2 min read
Hybrid Search: Combining Vector and Keyword Search in Azure AI Search
Hybrid search combines the semantic understanding of vector search with the precision of keyword matching. This combination consistently outperforms either approach alone, making it the gold standard for RAG applications.
Why Hybrid Search Wins
Vector search excels at semantic similarity but can miss exact matches. Keyword search finds precise terms but misses synonyms and context.
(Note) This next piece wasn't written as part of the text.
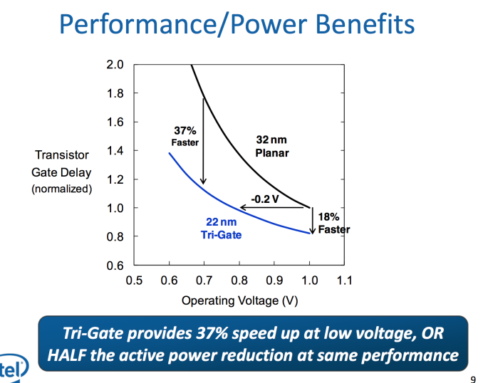 Esta nueva arquitectura se base en reducir el consumo y aumentar el rendimiento. Para lo primero tenemos la completa implementación de los 22nm vistos en los chips mayores como Ivy bridge y prontamente Haswell. Con ello también se implementan los transistores 3D y optimización del turbo boost, el que puede trabajar en diferentes estados y rangos de frecuencias. Con ello intel logra un “SoC” que puede alcanzar estados de ahorro de energía de la mitad (versus Saltwell) sin perder rendimiento.

Together, they cover each other’s weaknesses.
Implementing Hybrid Search
from azure.search.documents import SearchClient
from azure.search.documents.models import VectorizedQuery
from azure.core.credentials import AzureKeyCredential
from openai import AzureOpenAI
import os
# Initialize clients
search_client = SearchClient(
endpoint=os.environ["AZURE_SEARCH_ENDPOINT"],
index_name="documents-index",
credential=AzureKeyCredential(os.environ["AZURE_SEARCH_KEY"])
)
openai_client = AzureOpenAI(
api_key=os.environ["AZURE_OPENAI_KEY"],
api_version="2024-06-01",
azure_endpoint=os.environ["AZURE_OPENAI_ENDPOINT"]
)
def get_embedding(text: str) -> list[float]:
"""Generate embedding for search query."""
response = openai_client.embeddings.create(
model="text-embedding-3-large",
input=text
)
return response.data[0].embedding
def hybrid_search(query: str, top_k: int = 10) -> list[dict]:
"""Execute hybrid search combining vector and keyword search."""
# Generate query embedding
query_vector = get_embedding(query)
# Create vector query
vector_query = VectorizedQuery(
vector=query_vector,
k_nearest_neighbors=top_k,
fields="content_vector"
)
# Execute hybrid search
results = search_client.search(
search_text=query, # Keyword search
vector_queries=[vector_query], # Vector search
select=["id", "title", "content", "url", "last_updated"],
top=top_k,
query_type="semantic", # Enable semantic ranking
semantic_configuration_name="my-semantic-config"
)
documents = []
for result in results:
documents.append({
"id": result["id"],
"title": result["title"],
"content": result["content"],
"url": result["url"],
"score": result["@search.score"],
"reranker_score": result.get("@search.reranker_score")
})
return documents
Configuring the Search Index
{
"name": "documents-index",
"fields": [
{"name": "id", "type": "Edm.String", "key": true},
{"name": "title", "type": "Edm.String", "searchable": true},
{"name": "content", "type": "Edm.String", "searchable": true},
{"name": "content_vector", "type": "Collection(Edm.Single)",
"dimensions": 3072, "vectorSearchProfile": "my-vector-profile"},
{"name": "url", "type": "Edm.String"},
{"name": "last_updated", "type": "Edm.DateTimeOffset", "filterable": true}
],
"vectorSearch": {
"profiles": [{"name": "my-vector-profile", "algorithm": "my-hnsw"}],
"algorithms": [{"name": "my-hnsw", "kind": "hnsw"}]
},
"semantic": {
"configurations": [{
"name": "my-semantic-config",
"prioritizedFields": {
"titleField": {"fieldName": "title"},
"contentFields": [{"fieldName": "content"}]
}
}]
}
}
Tuning the Balance
Experiment with different weights between keyword and vector scores. For technical documentation, keyword matching often deserves higher weight. For conversational queries, lean toward semantic search.
Hybrid search is not just an improvement; it is a fundamental shift toward more robust information retrieval.